Well, CV, I think the answer to your final question is both simple and complicated. Guess that makes it complicated in the end... hahahahaha.
Again, there are 3 entities here... you, your H and your M. You must preserve individual rights, but always also protect the "greater good," which would be the marriage. I just don't see how going floating with you is trampling on your H's individual rights. If, say, he would be in pain or had some fear towards it, then I would say it's best he protects his individual rights. But if he's just saying no just because he doesn't feel like it, then we have a case where he's ignoring the needs of the M... I'm not sure you are pushing your will necessarily by wanting to go floating... like you said, if it were simply about your will, you'd go yourself. But I think you have a mind towards the entity of M when you ask him to join you and the need of the M to have bonding time. When the answer is ALWAYS no about what you want to do, well, now we are back to trampling on one's individual rights. In this case, yours.

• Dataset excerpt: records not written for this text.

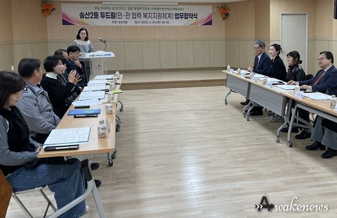 어웨이크뉴스 오경하 기자 | 의정부시 송산2동주민센터는 2월 24일 주민센터 3층 다목적실에서 11개 기관‧단체와 복지 사각지대에 놓인 위기 가구 발굴 및 맞춤형 복지서비스 연계를 위한 ‘두드림(민관 협력 복지지원체계)’ 업무협약을 체결했다.
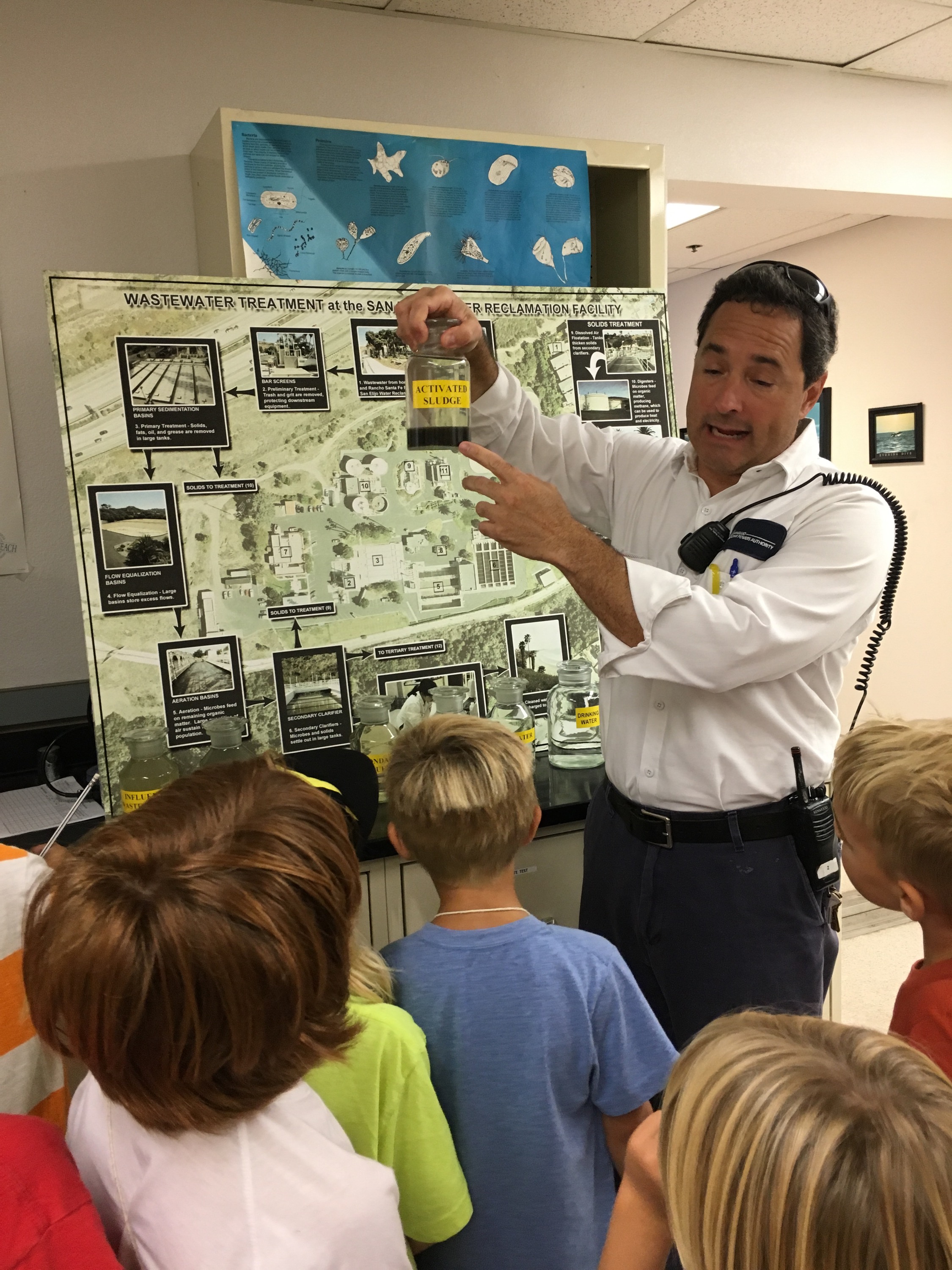 On Thursday, we had the opportunity to take our students to the local waste water treatment plant.  We’ve been studying water (something we don’t have enough of here in San Diego!) and have a parent in our class who happens to be the deputy mayor in our community.  She was eager to make the connection between the study of the properties of water and the water cycle and the municipal responsibilities of getting water to our taps and then treated as the water heads back out into nature’s cycle.  So when she asked if we’d like to have her arrange a field trip to the water treatment plant just a couple of miles away, we were eager to go.
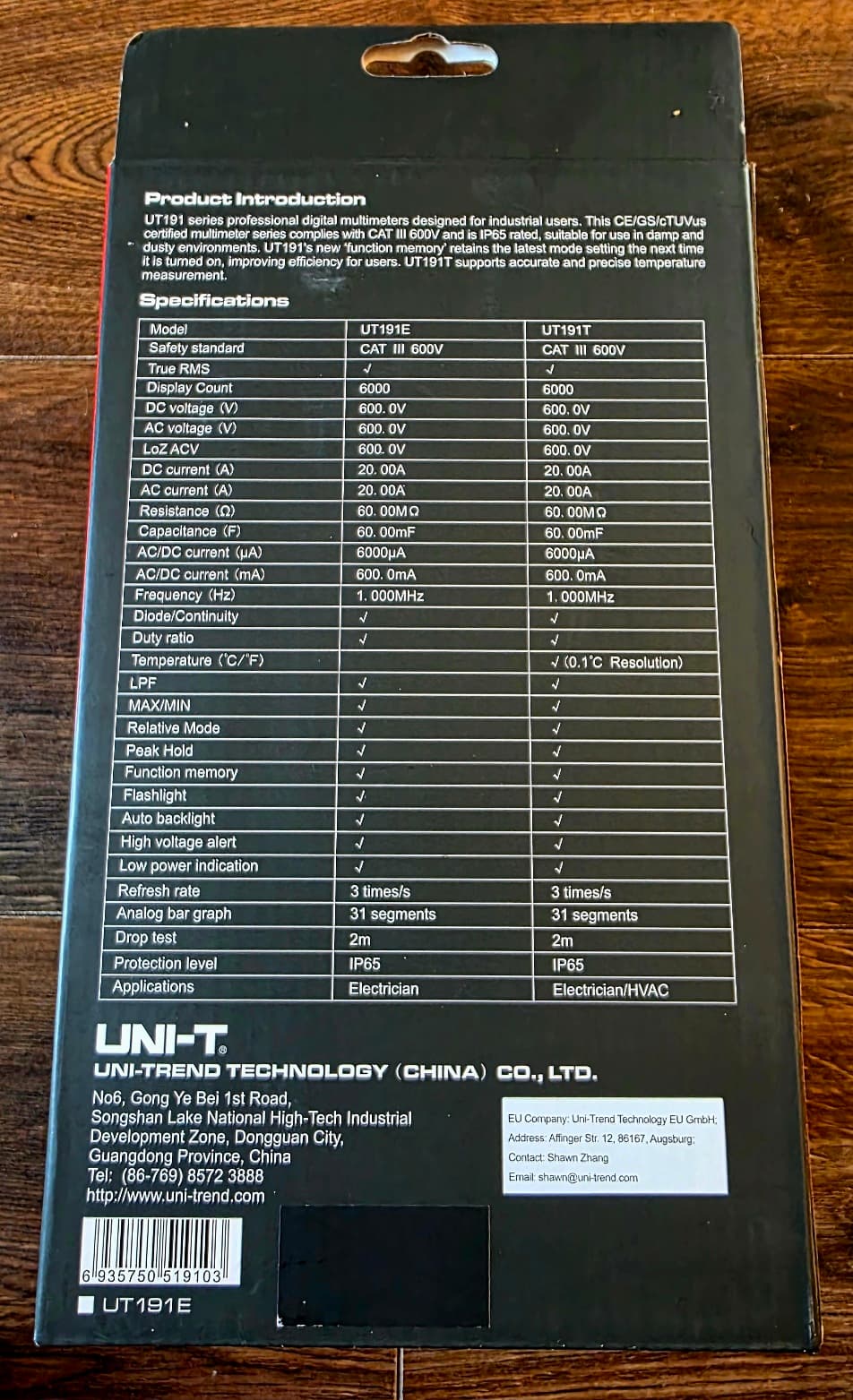 There is a 191T version which has temperature probes but it’s a bit more expensive. The 191 series seems to be well received and is a good bit cheaper than the 161E I had my eye on. I’ve had a Uni-T DMM in the past which served me well for a number of years before I stupidly blew it up by not knowing what I was doing and trying to measure something it wasn’t capable of.
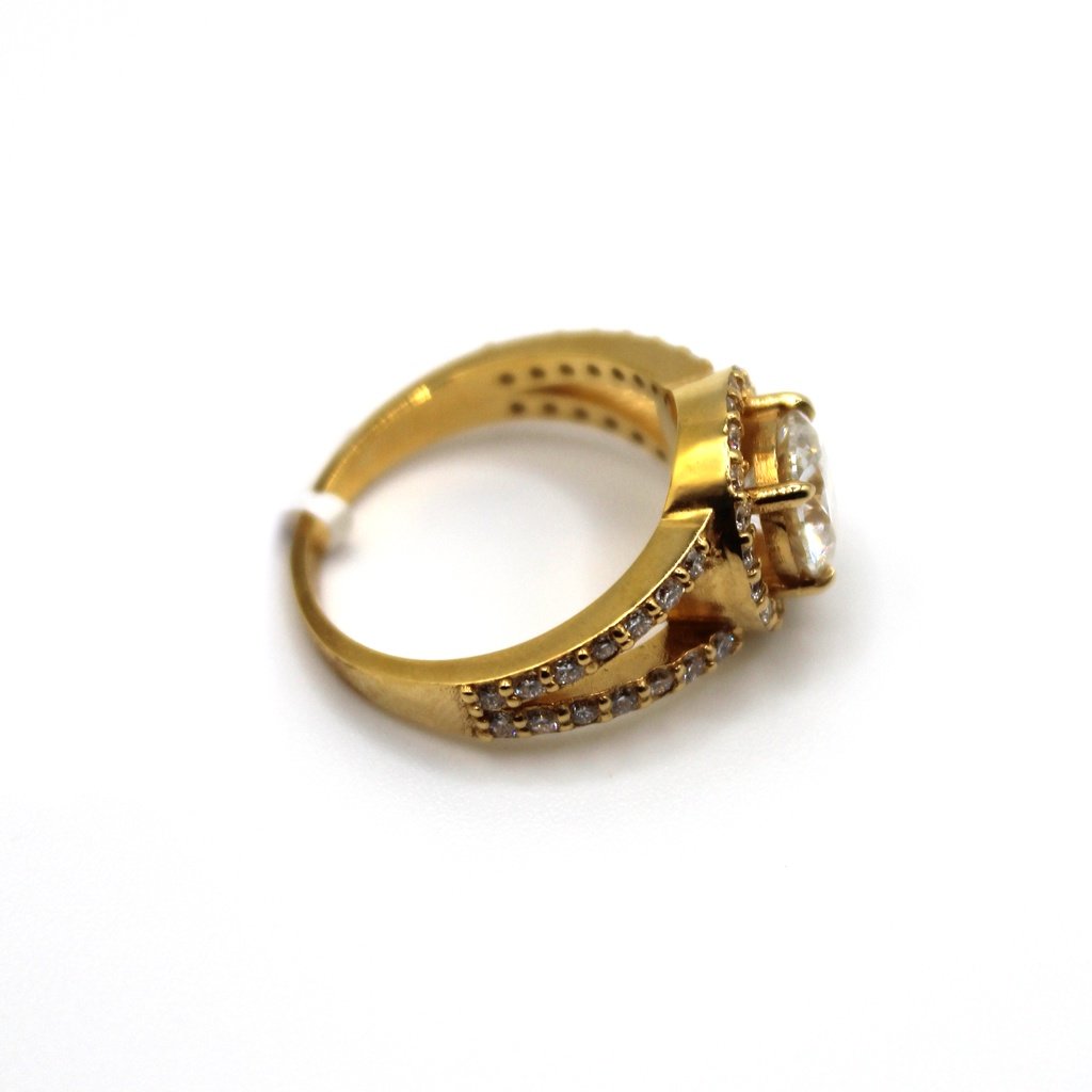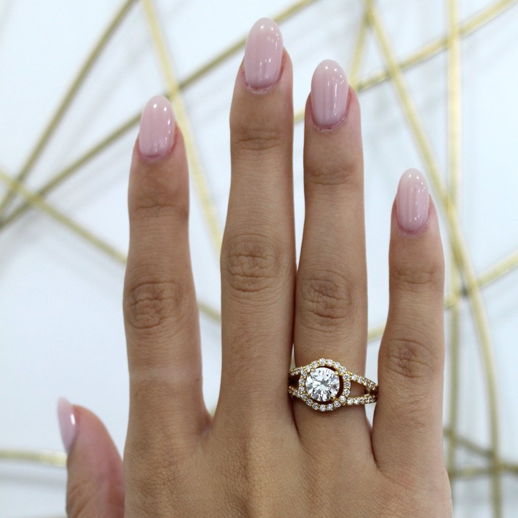 This exquisite women’s ring crafted in 14kt gold features a stunning round-cut solitaire centerpiece framed by a radiant halo of sparkling stones. The split shank design is delicately adorned with shimmering accent stones, adding brilliance from every angle. Perfect for special occasions, engagements, or as a timeless gift, this piece captures luxury and elegance in every detail.
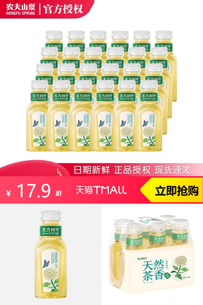 农夫山泉东方树叶茶饮料335ml*6,[小身材口袋装」随时随地畅享无糖生活,茶叶自然抽出不加一点茶粉~
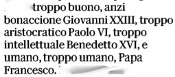Potrei paragonare il Papa ad un utopistico ministro della Giustizia -una volta anche di Grazia, oltre che di Giustizia- che non vede l’ora di svuotare le carceri, visto anche che sono sovraffollate, o di chiuderle, o di abbatterle senza neppure farne dei musei a memoria della cattiveria di chi vi era finito dentro o ve li aveva mandati persino da innocenti. Ma riconosco, per quel pò di fede che ancora rivendico da bestemmiatore occasionale, che sarebbe riduttivo per un Pontefice essere assimilato ad un Guardasigilli, anche se di nostro Signore, e non della nostra premier, signora Giorgia Meloni, com’è più modestamente Carlo Nordio. Che a carceri, non avendone a sufficienza per sistemarvi meno scomodamente quelli che vi mandano i giudici per scontare le condanne definitive, o vi spingono i pubblici ministeri già durante le indagini, in attesa anche solo di un rinvio a giudizio, cerca di trasformare un po’ di caserme abbandonate.
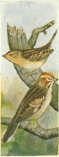 Range.—Rocky Mountains, from Colorado to Arizona, and winters in Mexico. They are much like the last, but have a patch of yellow on the rump and breast. Their nest on the ground, beside some rock or stump, is made of shreds of vines and grass. Three or four white eggs, specked and wreathed with brown (.62 × .50).
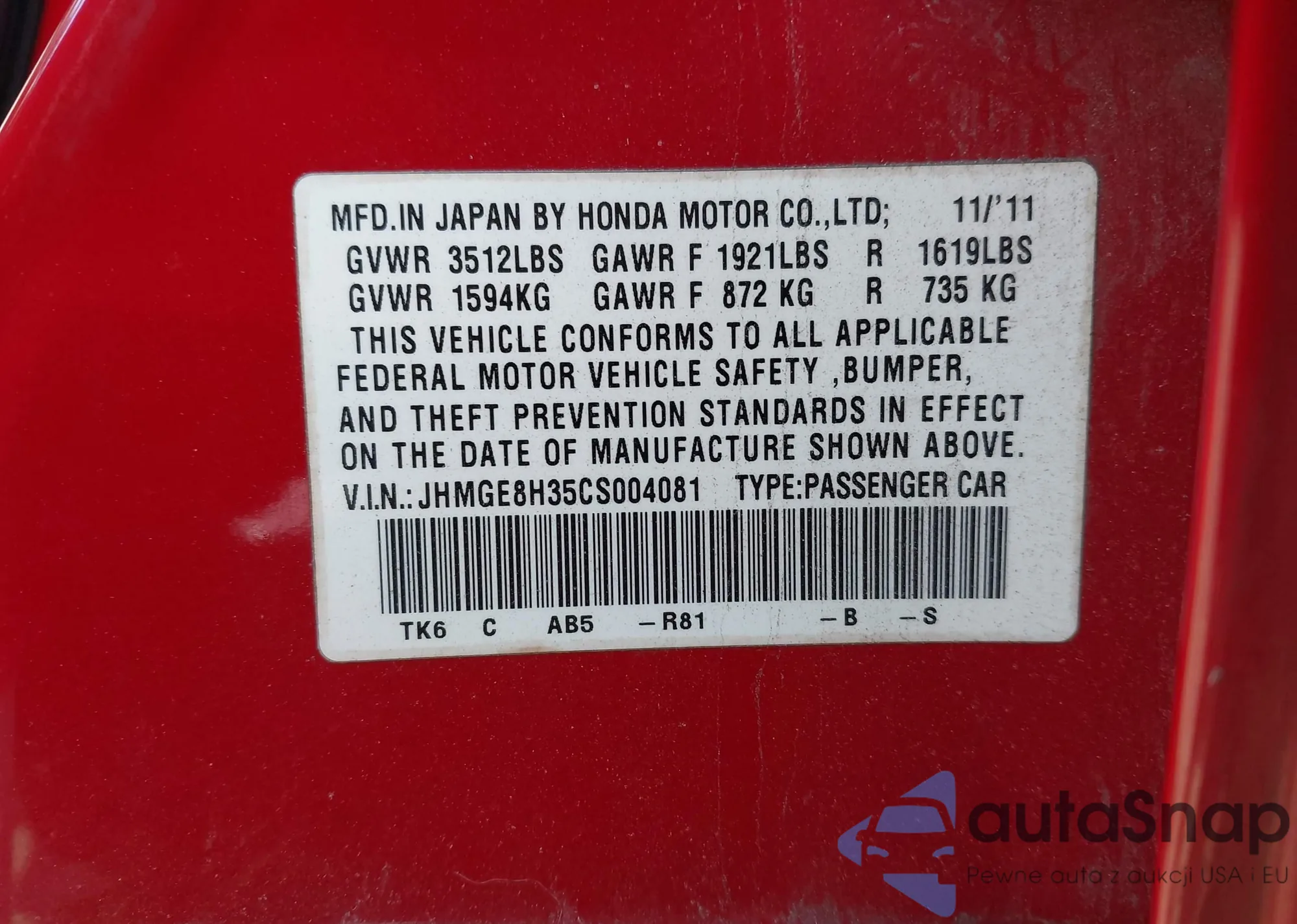 • VIN JHMGE8H35CS004081

See, I don't blame you. In fact, I agree with you. I just think sometimes these things do need to be argued. Certainly more than I ever did. I can't sit here and say he never did what I wanted because I know while that is true, I did nothing to point that out to him. I did nothing to explain the importance. And by not doing that, I didn't have a mind towards the M either. It was all about me and my hurt feelings and fear of further rejection. At no point, until now, was I thinking well I need to talk with him further about this because this is seriously affecting the M. I never gave him a fair shot or the M because I was too busy being hurt.